Clean data is not an IT hobby — it's a performance lever. For quant-minded cyclists and coaches, small improvements in training data quality yield outsized gains in adaptive systems: more reliable CTL/ATL trends, clearer readiness signals, and smarter next-session prescriptions. This short guide gives practical, science-based steps you can apply today to reduce noise, eliminate duplicates, and keep your time series consistent so the algorithm — and your coach — can do the right thing.

## Why data hygiene matters (quick physiology link)

Adaptive coaches use rolling summaries (CTL, ATL, TSB), HRV trends, and interval detection to make decisions. **Garbage in → misleading load and readiness outputs**. A duplicate ride can double-count TSS; a 20-minute gap in power can shift TSB by days. Clean data protects the physiology model and your training margin.

## Core principles: simplicity over complexity

- **Idempotency:** ingest a ride once and only once. If the same file reappears, merge or drop it.
- **Provenance:** track device, firmware, and upload path (Garmin, Wahoo, Strava). Metadata explains weird spikes.
- **Minimal transformation at write-time:** validate on ingest; postpone heavy analytics to downstream jobs.

## Practical checks to improve training data quality

### 1) Basic validation rules

- **Range checks:** power 0–2,500 W, HR 30–220 bpm, cadence 0–80+ rpm. Flag values outside plausible ranges.
- **Monotonic timestamp checks:** no timestamps that go backwards; reject or repair files with negative time deltas.
- **Duration sanity:** rides under 1 minute or exceeding 24 hours should be reviewed.

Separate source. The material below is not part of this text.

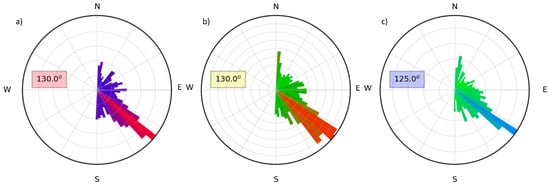 Rose diagrams of the strike direction calculated over the whole period range from (a) the impedance tensor Z, (b) the phase tensor azimuth, and (c) the tipper vector. The color of the bars depends on the number of occurrences in each histogram bin and goes from purple to red for the invariants (a), from green to orange for the phase tensor (b), and from green to blue for the tipper (c).

### 2) Metadata matters — always capture it

- Device model and serial
- Firmware version
- Upload source and timestamps (device recorded vs server receipt)

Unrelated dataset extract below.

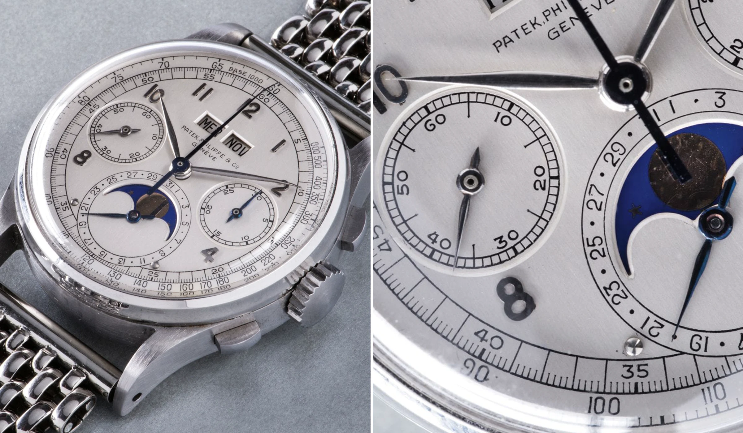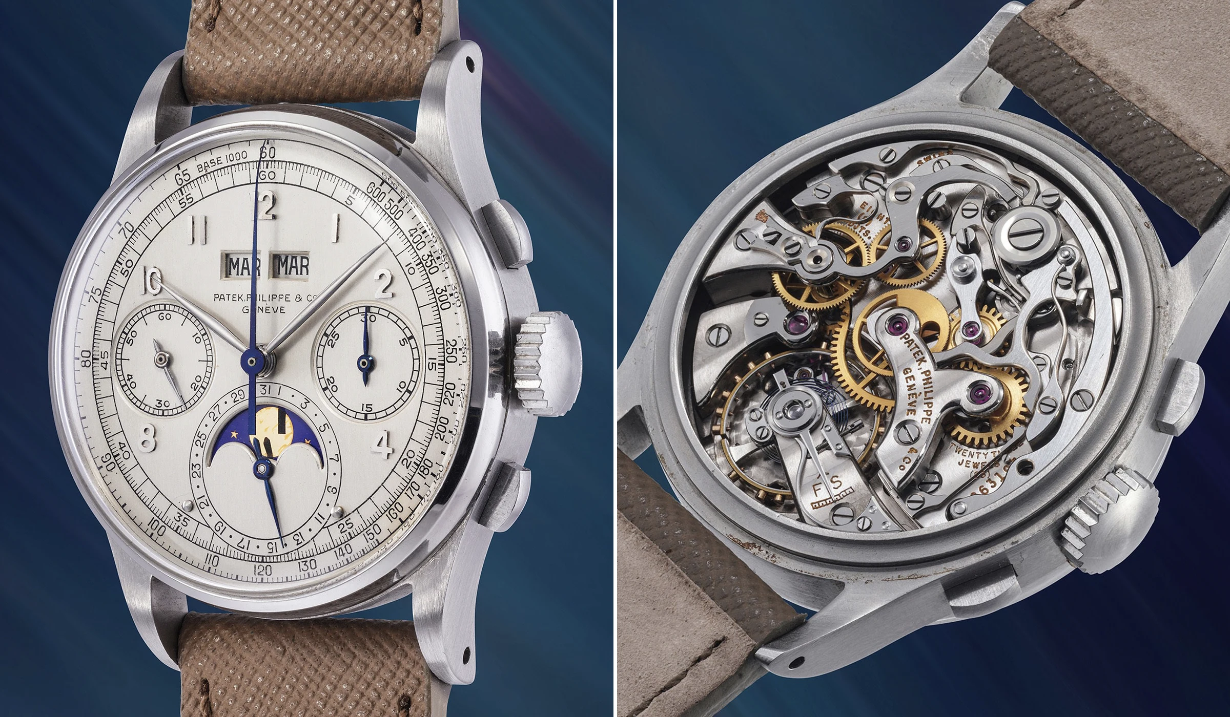 Auf Platz 3 und 4 der teuersten Patek Philippe Armbanduhren, die jemals auf einer Auktion verkauft wurden, ist die Ref. 1518 mit einem 35-mm-Edelstahlgehäuse aus dem Jahr 1944 vertreten, die über die Uhrwerksnummer 863’193 verfügt – die gesamten Details über die Uhr folgen im nächsten Abschnitt des Platzes 3. Die Referenz schrieb 1941 Geschichte als erster serienmäßig hergestellter Chronograph mit ewigem Kalender. Die Seltenheit dieses Modells ergibt sich natürlich aus der Verwendung von Stahl. Von den rund 281 Exemplaren, die hergestellt wurden, waren die meisten in einem Gehäuse aus Gelbgold untergebracht. Etwa 20 % der Ref. 1518 wurden in einem Roségoldgehäuse und nur vier Uhren in Edelstahl gefertigt.

This metadata lets you identify systemic issues (e.g., an old firmware that doubles cadence samples).

## Deduplication: stop double-counting your progress

Duplicates create the largest, most obvious distortion in load-based coaching. Use a layered approach:

1. **Exact-match dedupe:** compute a file hash (SHA-256) and reject re-uploads with the same hash.
2. **Key-match dedupe:** match by (device id, start_time_utc, duration, total_distance). If all match, mark duplicate.
3. **Fuzzy-match dedupe:** for near-duplicates (small time offsets, truncated files), compute a similarity score on key metrics (avg power, TSS, moving-average power curve). If similarity exceeds threshold, prompt to merge.

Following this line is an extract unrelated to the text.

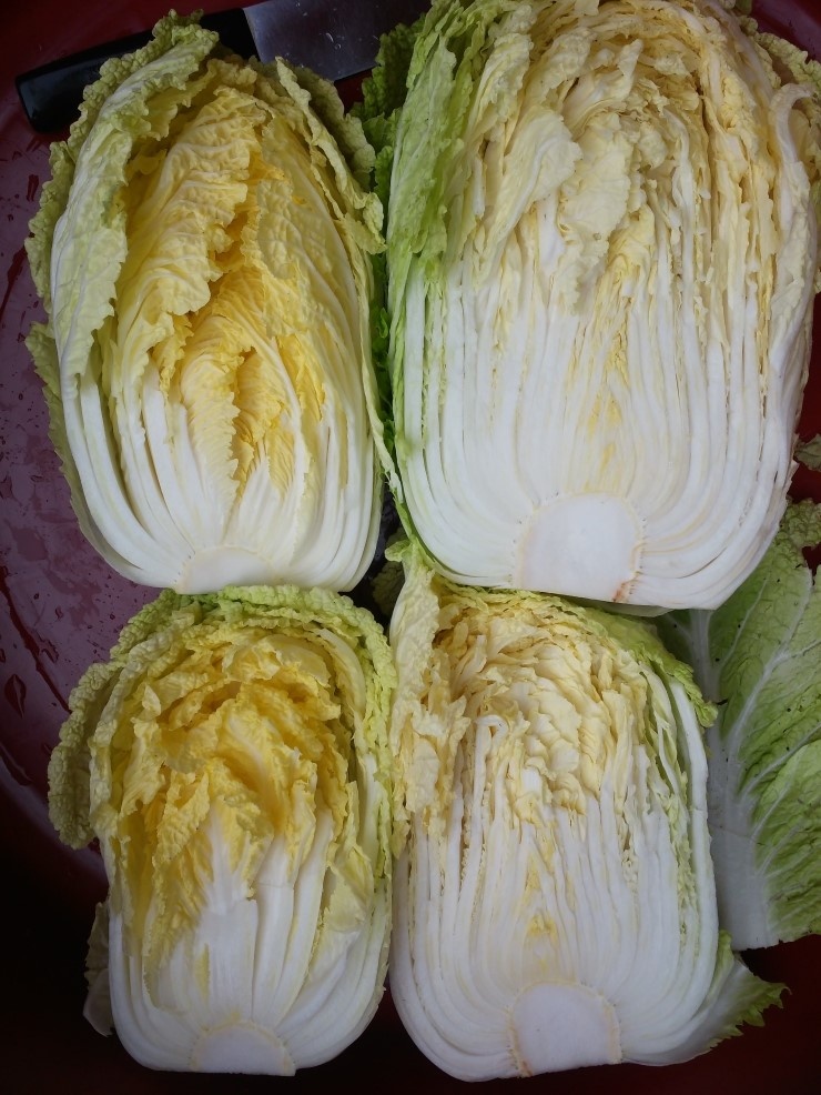 1. 배추는 겉잎을 떼어내고 반을 가릅니다. 크기가 크면 반을 가르고 밑동으로 칼집을 조금 내주세요

When merging, **keep the best-quality stream** (longest contiguous power, less missingness) and preserve provenance fields.

For a user-facing explanation of why duplicates appear and how to prevent them, see: /knowledge-base/archive-strava-duplicates-merge

## Time series consistency: align samples so models behave

Adaptive algorithms expect comparable, regularized inputs. Inconsistent sampling rates or timezone drift adds noise.

- **Normalize sampling frequency:** resample power/HR/cadence to a standard base (e.g., 1s or 1Hz) using forward-fill for short gaps and NaN for longer gaps.
- **Flag long gaps (>30s) vs micro-gaps (<5s):** treat them differently — interpolate micro-gaps, mark long gaps for imputation or exclusion.
- **Use UTC everywhere:** store and compare start times in UTC to avoid DST/timezone issues.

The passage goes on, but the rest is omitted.